- Born: November 26, 1893 Dickson, TN
- Died: September 16, 1961 (aged 67) Japan
- Education: Dickson College
- Occupation: Missionary

= Sarah Shepherd Andrews =

American missionary

Sarah Shepherd Andrews (November 26, 1893 – September 16, 1961) was an American missionary, who served in Japan from 1916 until her death in 1961. She was a key figure in bringing Christianity into the country.

== Biography ==
Andrews was born in Dickson, Tennessee. The work of J. M. McCaleb influenced her to work in Japan where she later established around eight Japanese congregations. Sometime after she was baptized at age 14, she wrote to McCaleb about coming to Japan and he gave her advice what schooling and training she would need to be successful. Andrews graduated from Dickson College, and took additional classes at other colleges before she went to Japan. Andrews landed in Tokyo in January 1916. Her first converts to Christianity were Oiki and her mother, both who later moved with her to Okitsu where they opened a kindergarten. Later, with donations from the United States, she helped build a church in Okitsu.

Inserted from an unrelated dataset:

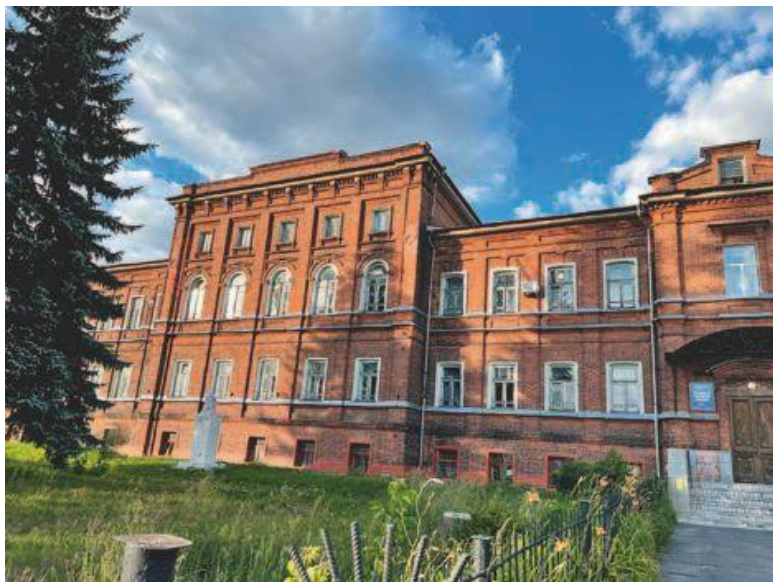
Здание Городецкого педучилища. 2022 г.

казалась им легкой прогулкой после четырех лет, проведенных в красном здании на холме.

When World War II broke out, she was first put into a camp, then was imprisoned in her house. While she was a prisoner of war, she contracted tuberculosis. Andrews was rescued by an American soldier in 1945. She returned to the US in 1945 and in 1949 came back to Japan. After WWII, she opened a home for Japanese widows. She later said she did not take the option to flee Japan during the war as it would have led to the decline and destruction of the churches. She founded a church in Numazu in 1954, during its postwar redevelopment.

Andrews died from a stroke on September 17, 1961. Oiha, an orphan Andrews cared for, established her tomb, which is in Numazu.